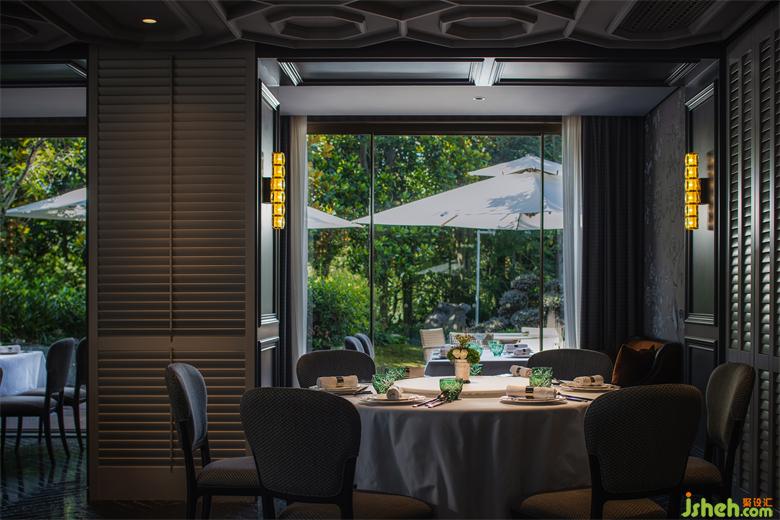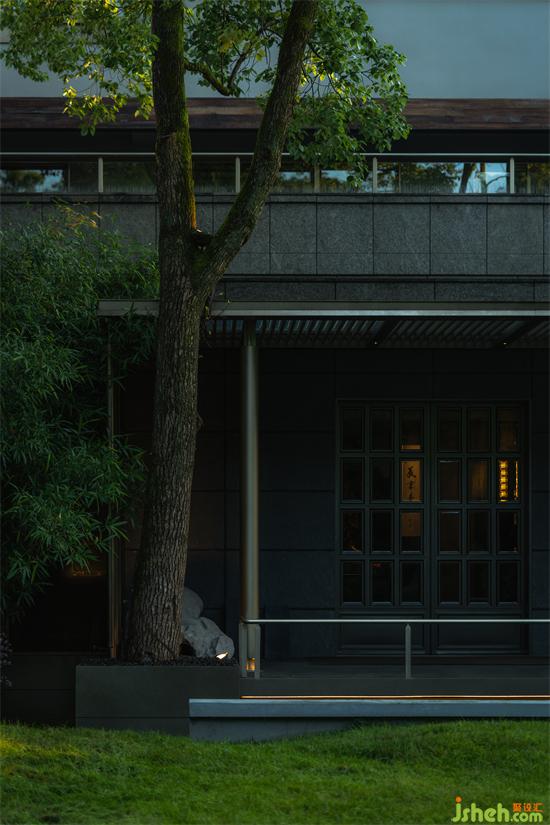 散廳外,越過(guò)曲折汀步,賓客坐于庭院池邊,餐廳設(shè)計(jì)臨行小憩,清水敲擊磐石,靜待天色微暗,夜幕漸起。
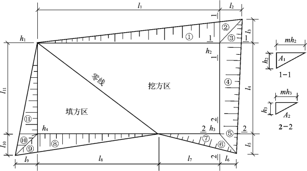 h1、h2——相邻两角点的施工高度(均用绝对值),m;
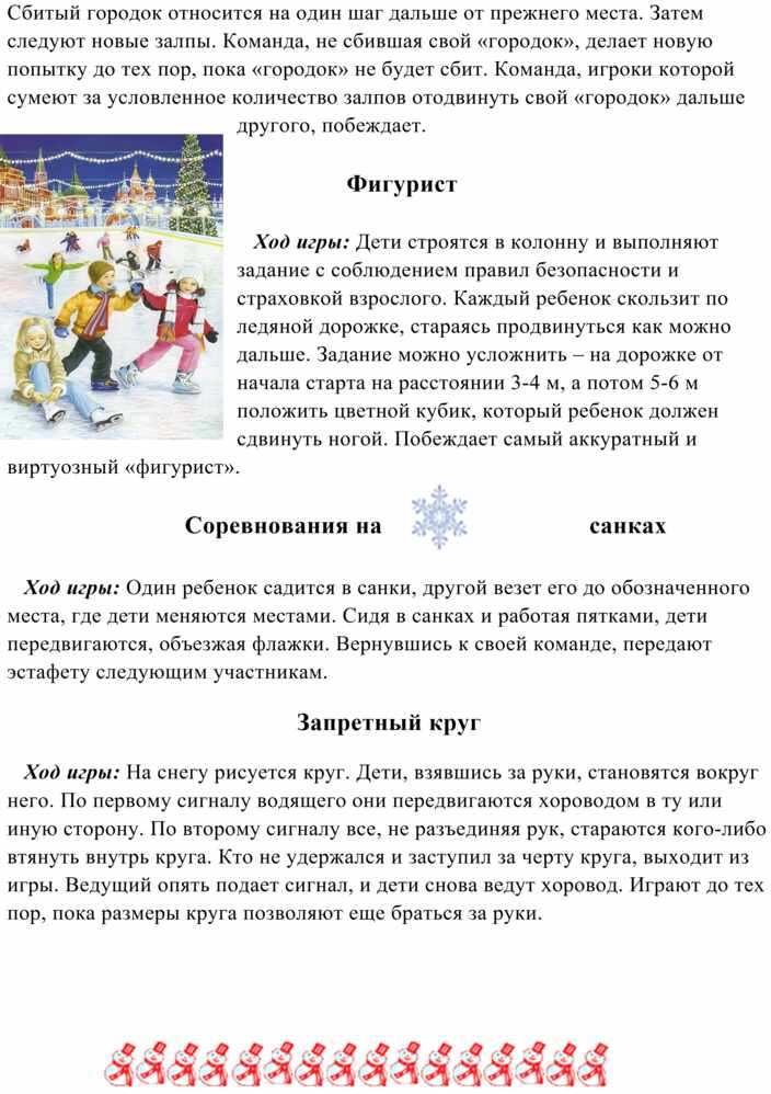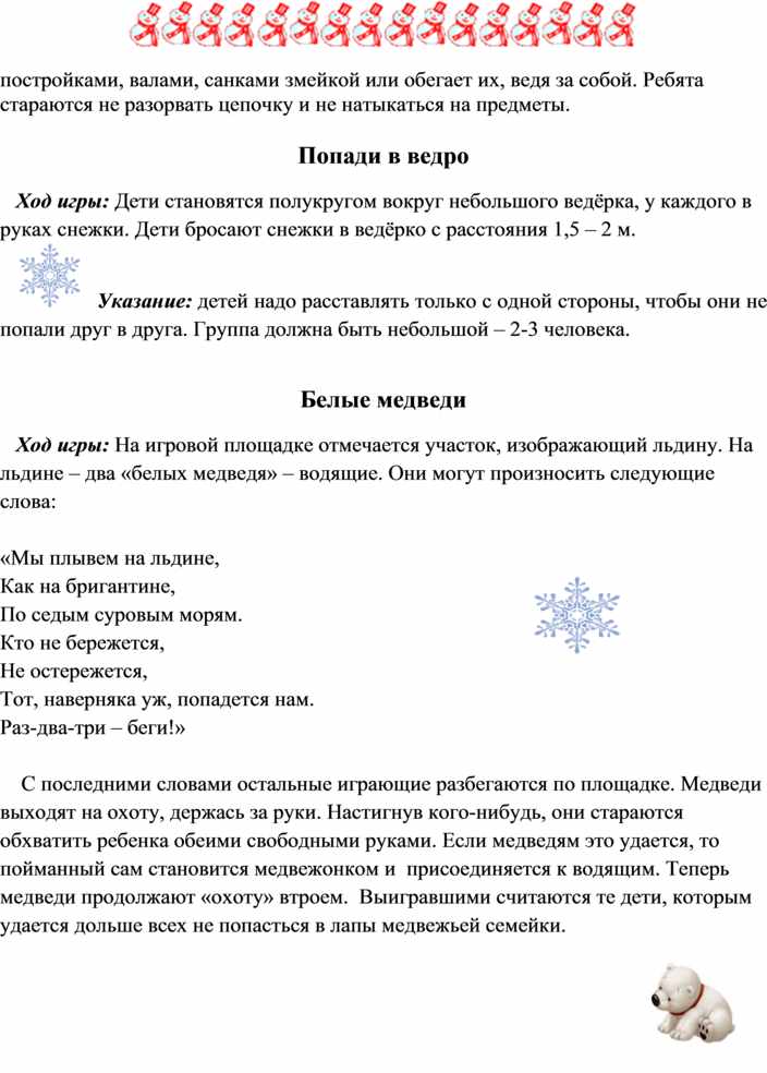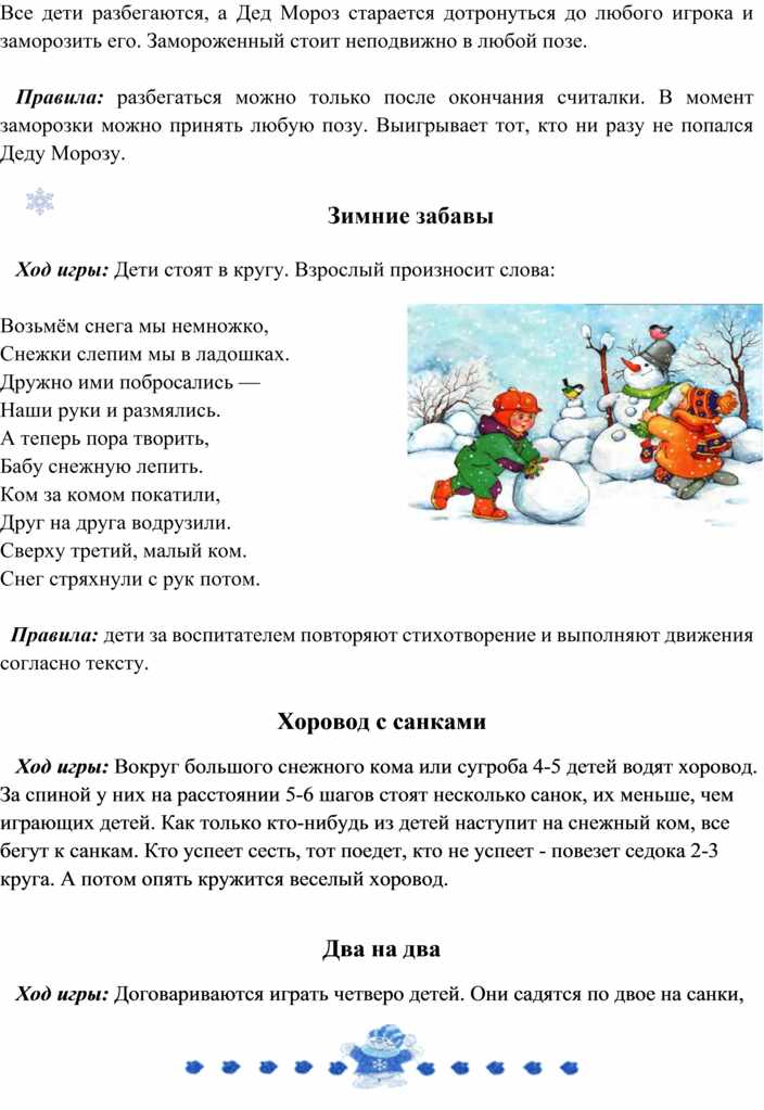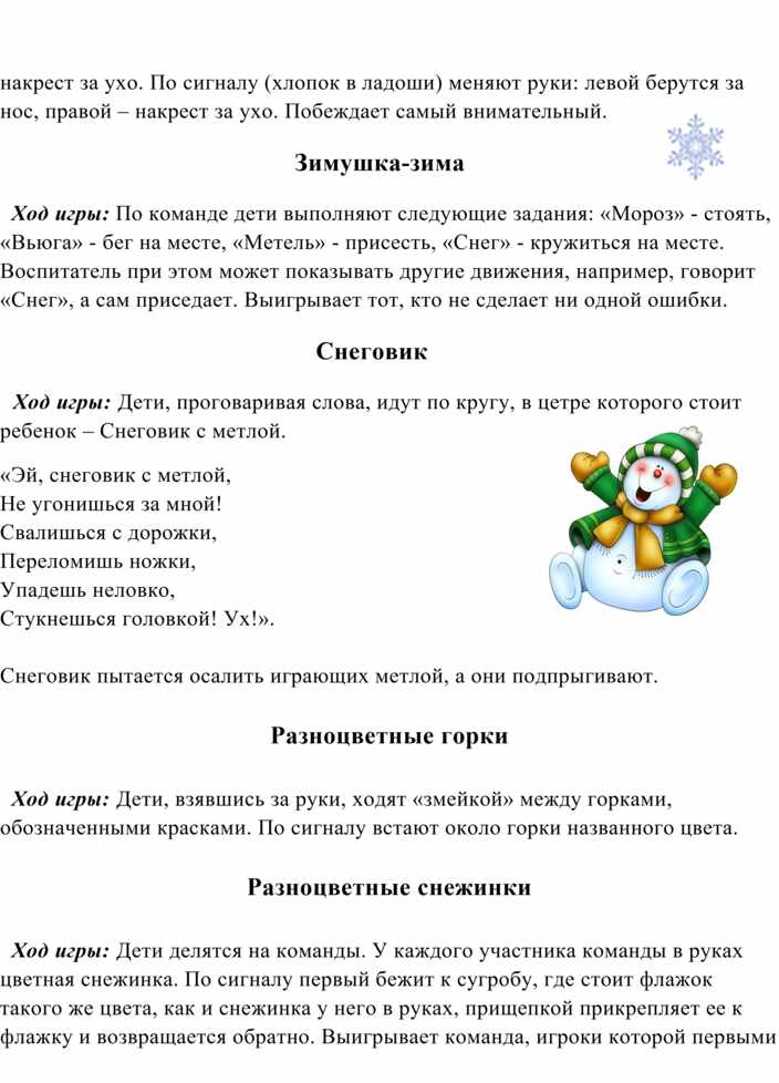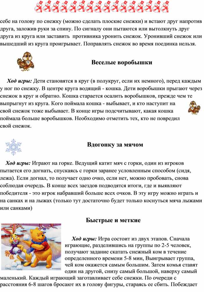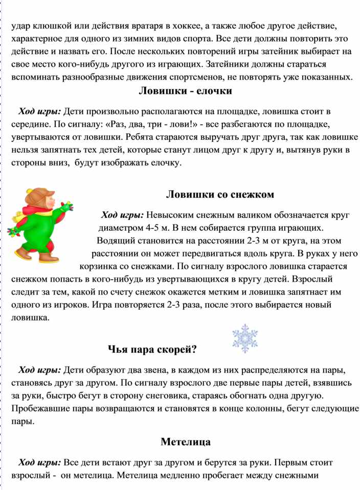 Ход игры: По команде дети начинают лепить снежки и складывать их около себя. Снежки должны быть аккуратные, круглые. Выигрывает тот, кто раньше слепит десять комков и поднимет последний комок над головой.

==

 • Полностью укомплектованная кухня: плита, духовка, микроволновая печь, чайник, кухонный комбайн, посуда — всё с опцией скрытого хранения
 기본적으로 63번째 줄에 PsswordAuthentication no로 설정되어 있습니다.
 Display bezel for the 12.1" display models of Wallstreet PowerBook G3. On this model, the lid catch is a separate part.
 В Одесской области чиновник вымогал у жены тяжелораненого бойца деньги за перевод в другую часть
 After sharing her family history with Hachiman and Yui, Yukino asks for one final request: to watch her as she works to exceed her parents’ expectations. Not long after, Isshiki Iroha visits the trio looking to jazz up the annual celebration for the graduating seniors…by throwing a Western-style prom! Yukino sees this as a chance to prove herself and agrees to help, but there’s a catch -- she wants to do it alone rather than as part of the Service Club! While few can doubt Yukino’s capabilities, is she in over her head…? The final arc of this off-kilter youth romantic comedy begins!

• WHAT TO PRODUCE:
Reproduce, word for word, everything in the listing above from the line containing "h1、h2——相邻两角点的施工高度(均用绝对值),m;" down to the line containing "Ход игры: По", both of them included. No pictures.

• ANSWER BOX:
 h1、h2——相邻两角点的施工高度(均用绝对值),m;
 Ход игры: По команде дети начинают лепить снежки и складывать их около себя. Снежки должны быть аккуратные, круглые. Выигрывает тот, кто раньше слепит десять комков и поднимет последний комок над головой.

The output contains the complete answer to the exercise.